Табачный дым «Куми» раздражал: благовония, поставленные против нее самой, привлекали намного больше горьковатого аромата, нередко спутавшегося с потом распространителей; потому екай постоянно смешливо, по мнению редких наблюдающих, морщила нос и поджимала губы, складывая в линию настолько тонкую, чтобы ни один клычок не вырвался вдруг из пасти — хотелось их обнажить и всем же доказать, что не так уж и миловидно забранное ею тело. Настоящая с неизвестным именем похоронила себя под храмом одного из тех Богов, каким поклонялась, в них веровала и защиты от них же не получила: Дзанко в святилищах прозябала лучшие годы жизни, пропитание себе взыскивая с многочисленных прихожан, почтивших ее вдруг за святую: за элегантностью ее не было ничего, кроме напавшего чревоугодия да желания побыстрее «компаньона», который все никак не наедался и не наедался, под копной насытить. Цыкнувши, Дзанко пронеслась мимо одинокого столика: в ранние часы многие еще отдавали телу сну в небольших комнатушках, бывших в разы крупнее ее собственной; очередной ступенчатый пролет — нога отчего-то остановилась, занесенная над дряблым деревом; легкие смешки какого-то отставного и его небольшой компании, в какой женщины выполняли функцию молчаливых гарпий — и с ними же мальчонка, лет двенадцати на быстрый огляд, неокрепший по всем доводам — но мальчонка с той же душой любопытной!
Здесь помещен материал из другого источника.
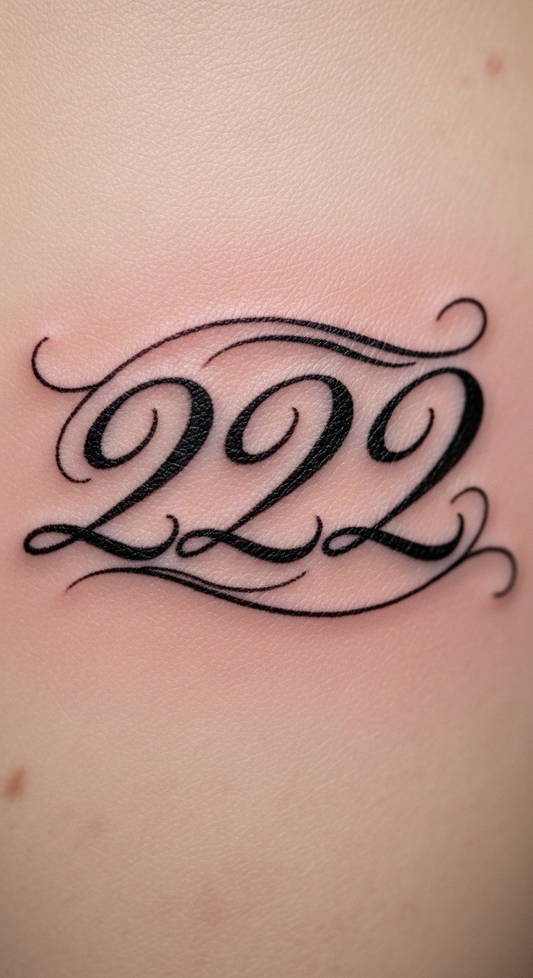 Write 222 in script for a personal flow. Curvy letters show inner peace. Practice script at home. Get free font ideas online. Put it on your forearm. Choose a budget script artist. Use calligraphy pens for trials. Keep it flowing but simple. This design personalizes stories. Discuss with friends. Arrange an easy appointment. Highlight the growth message. Test with washable markers. Make it a creative moment.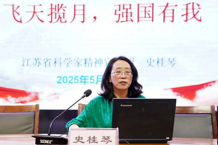 江苏省科学家精神宣讲团成员史桂琴老师以《仰望星空育桃李脚踏实地筑未来》为题,深情讲述了“嫦娥之父”叶培建院士的感人事迹。通过“100减1等于0”的航天标准、“责任比命大”的担当故事,生动诠释了爱国、创新、求实、奉献的科学家精神。同学们听得全神贯注,不时爆发出热烈的掌声。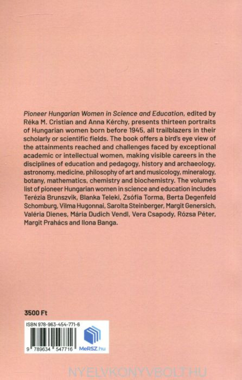 Pioneer Hungarian Women in Science and Education, edited by Réka M. Cristian and Anna Kérchy, presents thirteen portraits of Hungarian women born before 1945, all trailblazers in their scholarly or scientific fields.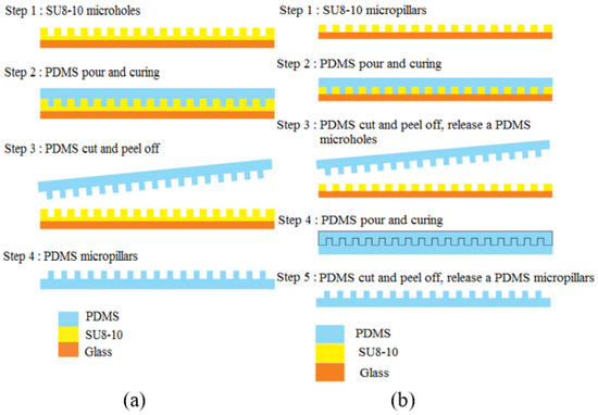 Fabrication steps of SU8 micropillar using (a) SU8-10 microhole mold, and (b) PDMS microhole mold (PDMS–PDMS pattern transfer).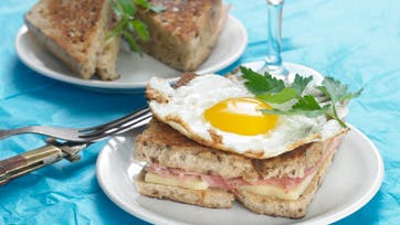 Smør brødet med et tyndt lag smør og sennep og tryk skiverne sammen med skinke. Gratiner i ovnen ved 225° 8-10 min., til osten begynder at smelte.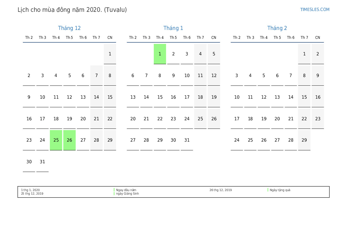 Lịch nghỉ lễ và cuối tuần cho mùa đông năm 2020 cho Tuvalu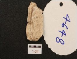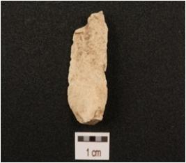 | Description / विवरण | A blade made on end struck chert flake prepared platform, prominent bulb ventral single ridge and used wear marks visible. |
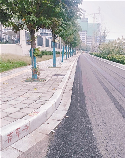 燕山路与淞江路交叉口向北约20米路西,有人在道边石上乱涂乱画。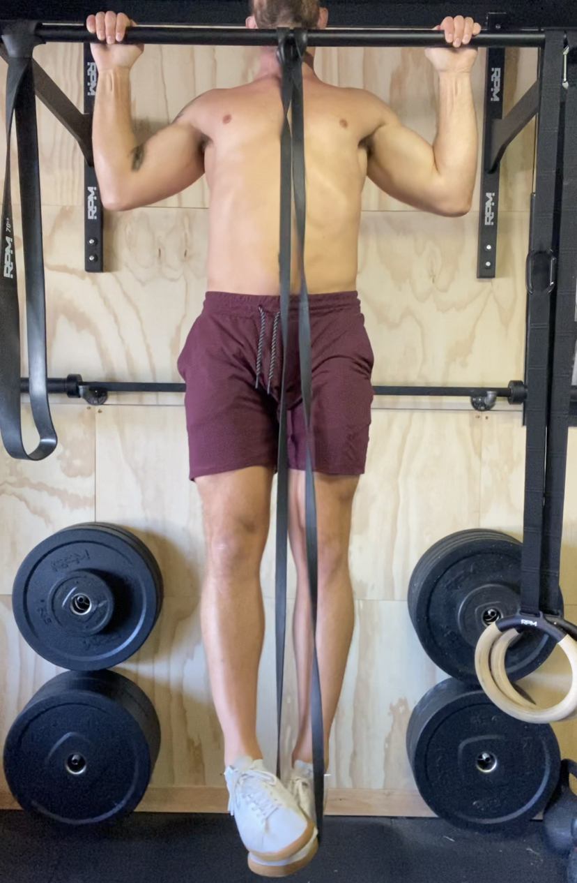 Secure a band over the pull-up bar. Put one foot in the band and then "trap" the band on the foot with your other foot. You don't want the band slipping off... trust me! Over time keep switching out the band to one with less assistance to make them more challenging.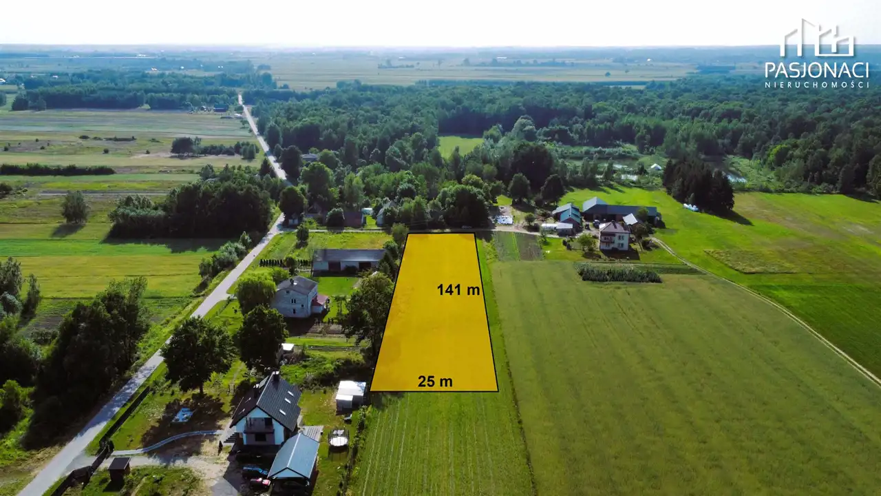 Razem z działką nabywają Państwo udział w wewnętrznej drodze dojazdowej o szerokości 5 m, zaznaczonej na zdjęciach na niebiesko. Stanowi ona oficjalny dojazd do nieruchomości. Nieformalny, lecz krótszy fizyczny dojazd istnieje od południa. Jest to droga szutrowa. Odległość zaledwie 50 m dzieli nieruchomość od asfaltowej drogi gminnej.

Дзанко обернулась: как бы она не понимала чужих чувств, каждая душа была для нее от других отделимой хоть по одному возможному признаку — а у него...у него она слишком особенная: неизвестно чем, неизвестно почему, но эту фибру «Куми» оборвала бы когтем среди миллиарда скучаний.
— Куми, как мы тебя не заметили! — воскликнул мужчина средних лет, по всей сути отец «недоумка», как успела обознать Дзанкокуми мальчонка; пальцы ног поджались, и вот-вот выступили на них сгнившие ногти — не терпела она обращения «Куми», как не славилась бы им среди всех приезжих, остававшихся на практически полное проживание: «Куми» только для него, нее, этого — а что за существо то было?
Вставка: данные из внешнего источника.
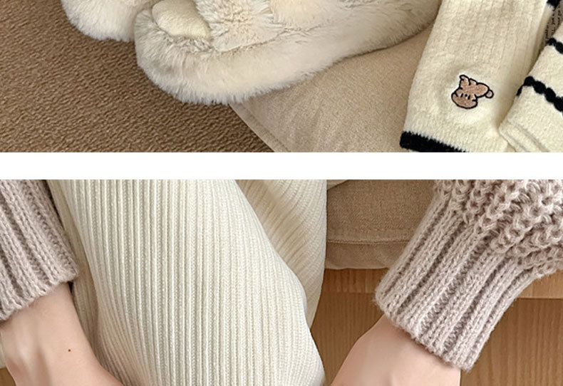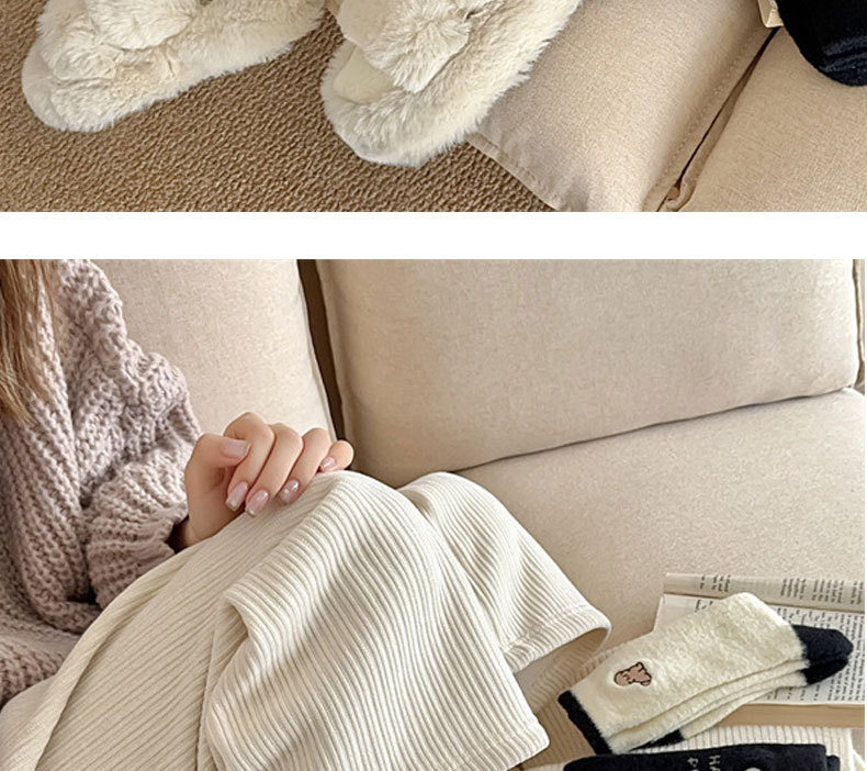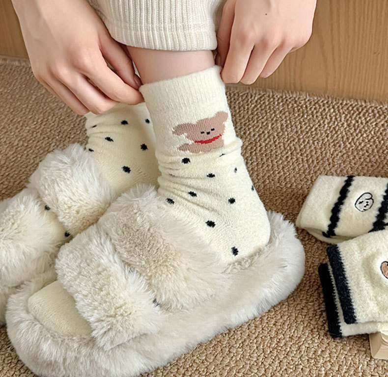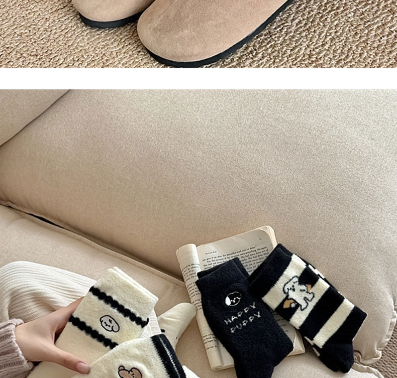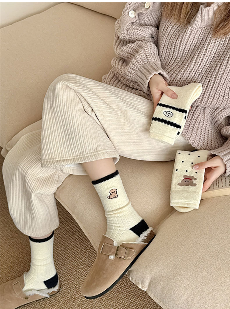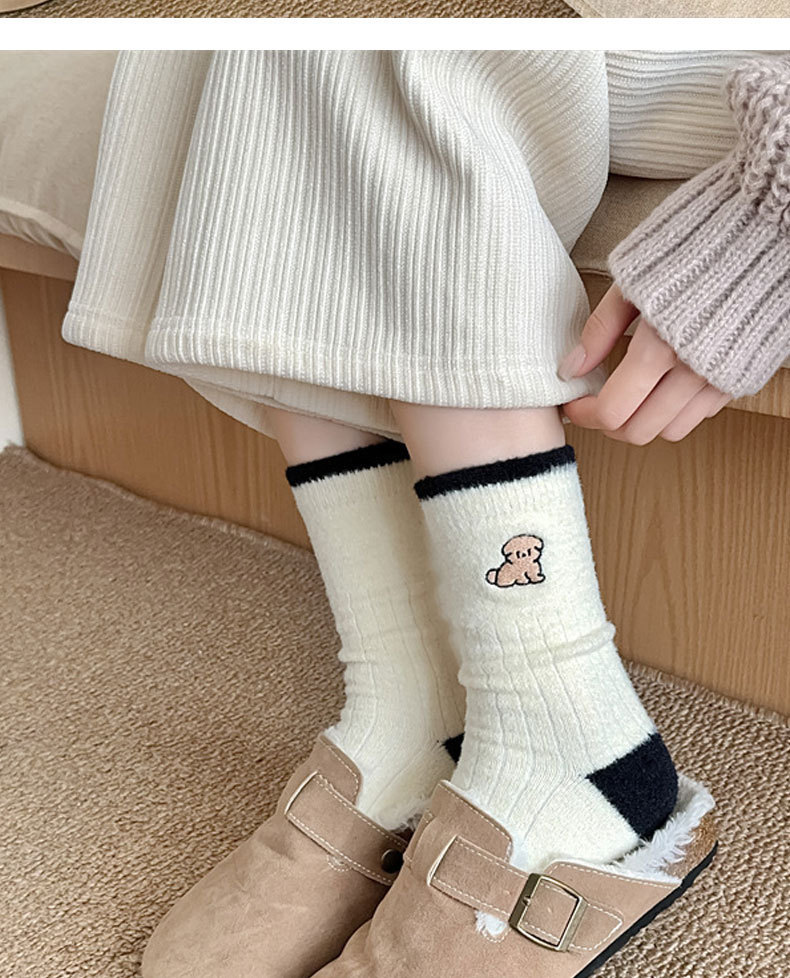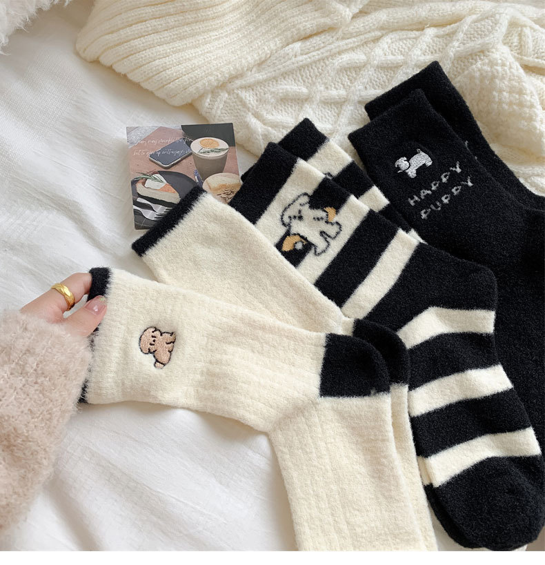秋冬季加绒加厚保暖女士袜子黑白刺绣可爱小狗中筒袜日系澳绒袜

Дзанко, прыгнувши на самое основание лестницы, поклонилась так, как учили, прижимая к невыделяющейся груди поднос, на каком недавно стыл чай; Хозяйка вдруг на девчонку расщедрилась и той запросила кимоно, достаточно выделяющееся на фоне тусклых халатов, с редкой росписью: но в нем было жарко и душно настолько, что лучше бы Дзанко предалась прошлому и вновь нагой бежала по лесам в поисках душ, тел, плоти.
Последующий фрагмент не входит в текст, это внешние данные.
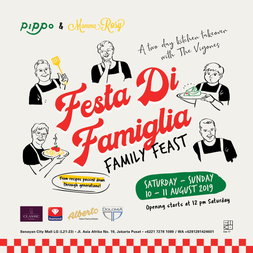 This weekend, savor true homemade Italian cuisine in Festa di Famiglia, a two-day kitchen takeover with the Vigones family of Kemang’s Mamma Rosy at Pippo. Dwell in the Vigones’ family recipes that have been passed down from generation to generation, such as La Panissa in Padella, Gli Gnocchi Rossi e Verdi, and Cannoli.

— Присядь к нам! — вновь завел отставной, какого Дзанко и в лицо-то и не узнавала: во всех чудились ей лишь черты общие, подчеркнутые морщинами, а индивидуальности не замечалось ни за кем.
— Хозяйка будет рассерженна, Господин, — выдавила «Куми», чуть ли пола лбом не касаясь; мужчина фыркнул, закрутив на один палец отросшие усы, и все равно приказно похлопал по свободной подушке близ низенького столика: женщины молчали, мужчины то со скукою отводили глаза, не находя момента блеснуть недавними подвигами в поимке злостных духов, то подзывали девчонку мысленно, возжелая отвлечься от молчаливых гарпий. Дзанко, подумавши немного и окрестивши Хозяйку проклятиями, с кивком, как полагалось по заложенному с древности уставу, заняла место близ сына отставного: и в том она нашла единственный плюс общества, свалившегося на старую свою голову.
«Недоумок», и до того не особо показывавший яркого интереса к разговорам взрослых своих товарищей, смущенно отворачивал голову каждый раз, когда Дзанко намеренно вытягивала мизинец в направлении его юкаты; будто флиртуя, контролировала она охотничий инстинкт вонзиться в плоть его отросшими зубами и с корнем вырвать не сердце, а воспоминание: если тот не отличался слабоумием, то точно уж услышал шепот «коипаньона», жалавшегося на то, как же Юширо-Кайто сгнил в утробе и как отвратительна на вкус его душа, скрепленная из остатков последней человечности.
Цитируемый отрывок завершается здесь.